Share this Job

Engineering Manager, Cloud Reliability-SRE (remote)

Date:  Nov 15, 2021
Location: 

remote, MA, US, remote

Company Name:  EBSCO Information Services

EBSCO Information Services (EIS) provides a complete and optimized research solution comprised of e-journals, e-books, and research databases — all combined with the most powerful discovery service to support the information needs and maximize the research experience of our end-users. Headquartered in Ipswich, MA, EIS employs more than 3,300 people worldwide.
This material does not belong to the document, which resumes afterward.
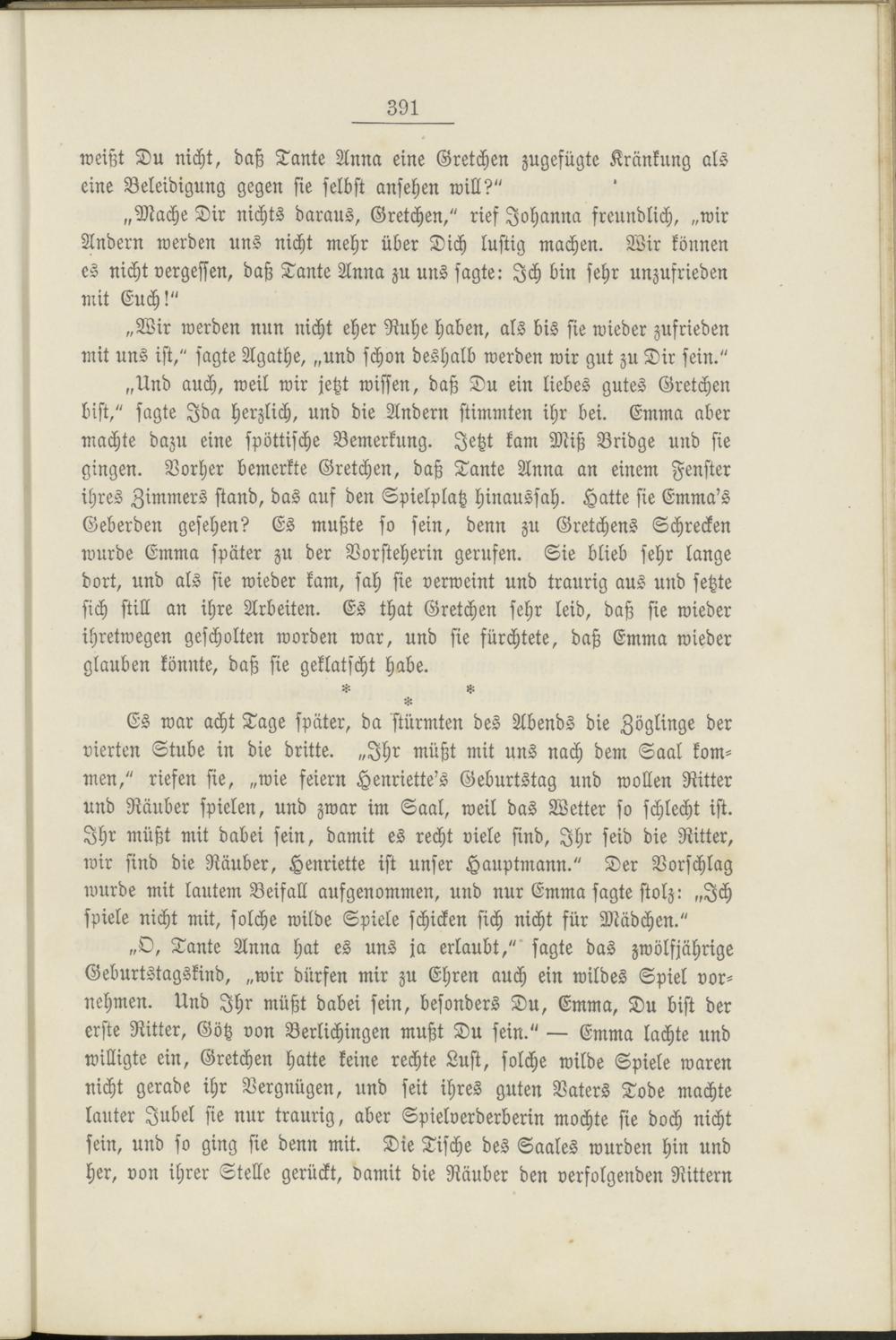 „O, Tante Anna hat es uns ja erlaubt,"' sagte das zwölfjährige Geburtstagskind, „wir dürfen mir zu Ehren auch ein wildes Spiel vornehmen. Und Ihr müßt dabei sein, besonders Du, Emma, Du bist der erste Ritter, Götz von Berlichingen mußt Du sein." — Emma lachte und willigte ein, Gretchen hatte keine rechte Lust, solche wilde Spiele waren nicht gerade ihr Vergnügen, und seit ihres guten Vaters Tode machte lauter Jubel sie nur traurig, aber Spielverderberin mochte sie doch nicht sein, und so ging sie denn mit. Die Tische des Saales wurden hin und her, von ihrer Stelle gerückt, damit die Räuber den verfolgenden Rittern

We are the leader in our field due to our cutting-edge technology, forward-thinking philosophy, and top-notch workforce. EIS, a division of EBSCO Industries Inc., based in Birmingham, AL, is ranked in the top 200 of the nation’s largest, privately held corporations according to Forbes magazine. EBSCO is a company that will motivate you, inspire you, and allow you to grow. We are looking for the best. If you are too, we encourage you to explore our unique opportunities.

Cloud Reliability Engineering Manager (SRE)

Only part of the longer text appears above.